Learning Individual Movement Shifts After Urban Disruptions with Social Infrastructure Reliance
Shangde Gao, Zelin Xu, Zhe Jiang
TL;DR
This work tackles predicting shifts in individual movement after urban disruptions, addressing heterogeneity in responses and limited sensitivity to traditional sociodemographic features. It introduces a conditional UNet (cUNet) that jointly conditions on Social Infrastructure Reliance (SIR) and local spatial context to model post-event movement patterns from pre-event data. Key contributions include integrating SIR and spatial context, capturing interactions with sparse data, and demonstrating divergent movement responses among individuals with similar pre-event patterns but different SIR. Experiments on the YJMob100K dataset show that conditioning improves predictive accuracy, with the full model achieving the highest overall accuracy and offering insight for behavior-aware urban resilience planning.
Abstract
Shifts in individual movement patterns following disruptive events can reveal changing demands for community resources.

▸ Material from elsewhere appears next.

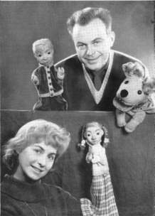 Heinz Fülfe und seine Frau Ingeburg erfanden und führten vom 23. Januar 1955 an die bald überaus populären Handpuppen 'Flax und Krümel' mit dem Hund 'Struppi' im Adlershofer Kinderfernsehen. |

However, predicting such shifts before disruptive events remains challenging for several reasons. First, measures are lacking for individuals' heterogeneous social infrastructure resilience (SIR), which directly influences their movement patterns, and commonly used features are often limited or unavailable at scale, e.g., sociodemographic characteristics. Second, the complex interactions between individual movement patterns and spatial contexts have not been sufficiently captured. Third, individual-level movement may be spatially sparse and not well-suited to traditional decision-making methods for movement predictions. This study incorporates individuals' SIR into a conditioned deep learning model to capture the complex relationships between individual movement patterns and local spatial context using large-scale, sparse individual-level data. Our experiments demonstrate that incorporating individuals' SIR and spatial context can enhance the model's ability to predict post-event individual movement patterns. The conditioned model can capture the divergent shifts in movement patterns among individuals who exhibit similar pre-event patterns but differ in SIR.